Un film que Mocky, Chabrol ou Boisset auraient pu faire. Pauline, infirmière à domicile, entre Lens et Lille, s’occupe seule de ses deux enfants et de son père ancien métallurgiste. Dévouée et généreuse, tous ses patients l’aiment et comptent sur elle. Profitant de sa popularité, les dirigeants d’un parti extrémiste vont lui proposer d’être leur candidate aux prochaines municipales.
Calmos. Une dirigeante d’extrême-droite blonde, une petite ville du Pas-de-Calais: Lucas Belvaux raconte la campagne pour les municipales d’un parti clairement inspiré du Front national. D’autant que l’action se déroule dans une ville imaginaire du Pas-de-Calais baptisée Hénard, évocation limpide d’Hénin-Beaumont. On le sait, les premières images de Chez Nous ont fortement déplu au FN, autorisant le vice-président à qualifier la (géniale) comédienne Catherine Jacob – qui joue ici une simili-Marine Le Pen – de « pot à tabac ». Or, ce film n’est pas tant sur le FN – cela aurait été trop facile et contre-productif – que sur l’embrigadement et le poids des images. Sur ceux aussi qui, oies blanches, se laissent avoir par le discours populiste, passant de la volonté de « faire quelque chose » pour leur pays à la désillusion d’avoir été des jouets fonctionnels (tel ou tel français moyen pour appuyer une thèse, justifier une idée, plaider la respectabilité). C’est précisément ce qui se passe ici avec une infirmière dévouée aux autres (Emilie Dequenne, courageuse): on assiste à sa fulgurante ascension, aux sentiments successifs qu’elle éprouve, du doute à la fascination, puis à la colère.
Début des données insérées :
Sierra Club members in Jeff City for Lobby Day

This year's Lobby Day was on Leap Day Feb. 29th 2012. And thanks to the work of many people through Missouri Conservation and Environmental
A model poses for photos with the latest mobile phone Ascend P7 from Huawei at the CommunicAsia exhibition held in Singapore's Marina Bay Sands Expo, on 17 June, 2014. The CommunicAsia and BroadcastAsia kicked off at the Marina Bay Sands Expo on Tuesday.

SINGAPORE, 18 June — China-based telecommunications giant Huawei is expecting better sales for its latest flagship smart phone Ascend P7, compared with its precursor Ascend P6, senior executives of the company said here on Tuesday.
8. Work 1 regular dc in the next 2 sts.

Racontant l’impossibilité de l’élévation dans une France overdosée de télévisions allumées (les chaînes d’info en continu, les discours Zemmouresques, les spectacles vociférants d’un Patrick Sébastien….), le résultat, à la croisée du cinéma social et de la politique, engagé sans être militant, montre le ras le bol généralisé d’une classe moyenne qui, en vrac, flippe des terroristes, en a marre des faiseurs de morale, s’autorise le racisme décomplexé.
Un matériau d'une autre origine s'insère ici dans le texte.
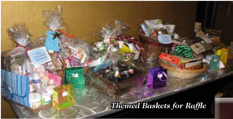
Themed Baskets for Raffle

De la même façon qu’il dit quelque chose sur la manière de communiquer et sur la façon dont la haine se transmet, Belvaux s’intéresse en même temps aux rouages et à la rhétorique du parti qu’il laisse planer telle une ombre menaçante façon film noir à la Clouzot. Un parti qui veut montrer une image respectable tout en étant rattrapé par son passé et ses composantes les moins acceptables (la partie Guillaume Gouix, ancien amour de jeunesse de Pauline devenu un militant violent d’extrême droite). André Dussolier incarne au mieux cette séduction toxique dans la peau du médecin notable de la ville qui entraîne sa jeune recrue à grands coups de « la France a besoin de gens comme toi ». La première apparition de Catherine Jacob, en poissonnière quelque part entre Marine Le Pen et Nadine Morano, peut donner l’impression de quelque chose de faux. Mais ce qui paraît au départ bouffon devient réellement flippant. On est toujours entre deux sentiments devant ce film aussi maladroit que nécessaire, pleinement dans l’empathie (jamais dans la culpabilisation, toujours désemparé devant le constat d’un peuple qui souffre et qui sombre). S’il a recours à la lourde démonstration, Chez nousparvient quand même à ébranler les consciences en instillant un malaise persistant à la sortie de la projection. Laissant craindre, d’une part, que tout cela soit prophétique; et, d’autre part, qu’en plein règne de la bêtise Hanounaesque et de la lobotomie heureuse, les films comme celui-ci deviennent denrée rare.